Xml is a beast to parse. It's slow to parse and verbose but it doesn't give you a human friendly text format. It's got a number of weird features inherited from sgml. Every parser needs a quirks mode since nobody can write good schemas and schema parsers.

XML is a really bad interchange format. It's OK for a document markup language, and that's where it survives.

tootie · on Aug 17, 2019

When I was doing XML/Java stuff 10 years ago, you take your XSD and generate domain classes as a build step. It was more complicated but it was also 100% reliable because the tools were all rock solid. Written by the guy who made Jenkins.

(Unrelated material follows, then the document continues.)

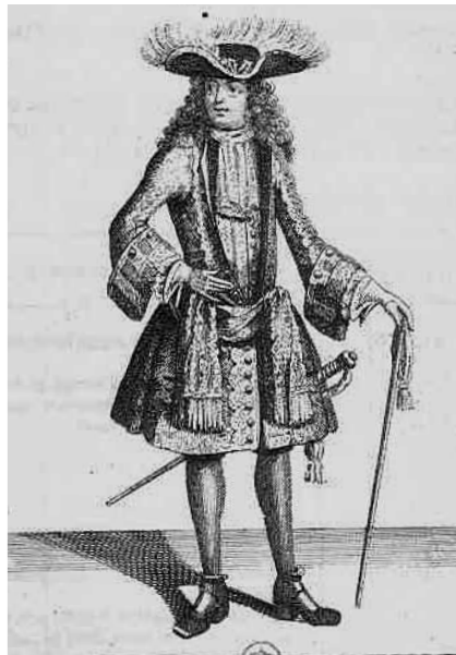
Figg. 10a-d. Modine francesi incise a bulino, da incorniciare per ornare le pareti domestiche

beatgammit · on Aug 17, 2019

Many languages have libraries built in that do something reasonable with JSON. Usually you just make a class or struct, instantiate it, and then generate JSON, no need to have a separate compile step. When going the other direction, I usually just format the JSON, copy that into my code, then fix the compile errors.

XML has all that tooling because it needs it. JSON is a lot more straightforward, is more compact, and is faster to parse and (probably) generate.

If you're going to go through the effort of a compile step, you should probably just use a binary protocol, which will get you even better performance and getting documentation out of the box (e.g. protocol buffers schemas are very readable).

I see absolutely no reason to use XML these days as a data format, but it's still a response choice as a markup format (you know, what the M stands for).

zvrba · on Aug 18, 2019

> Many languages have libraries built in that do something reasonable with JSON.

What about cross-language? In C# I define a class containing a `DateTime` field, export the schema with xsd, and generate classes for Java with xjc, and get back a field of (an equivalent of) `DateTime` type. Doing what you suggest with JSON, I'd get a "string". Thanks but no thanks.

> If you're going to go through the effort of a compile step, you should probably just use a binary protocol, […] I see absolutely no reason to use XML these days as a data format,

In our product we use a relational db (SQLServer) combined with XML. Each table has a structured part which is put into relational columns, plus an extensions part that is put into a "Data" XML column for semi-structured data. SQLServer supports XQuery so we can query the semi-structured data from SQL when needed.

This wouldn't fly with a binary format.

EDIT: yes, SQLServer also supports JSON, but has special optimizations for XML (e.g., it can understand schema types, it supports XML indexes which "shred" XML to a more efficient binary representation based on schema, etc.)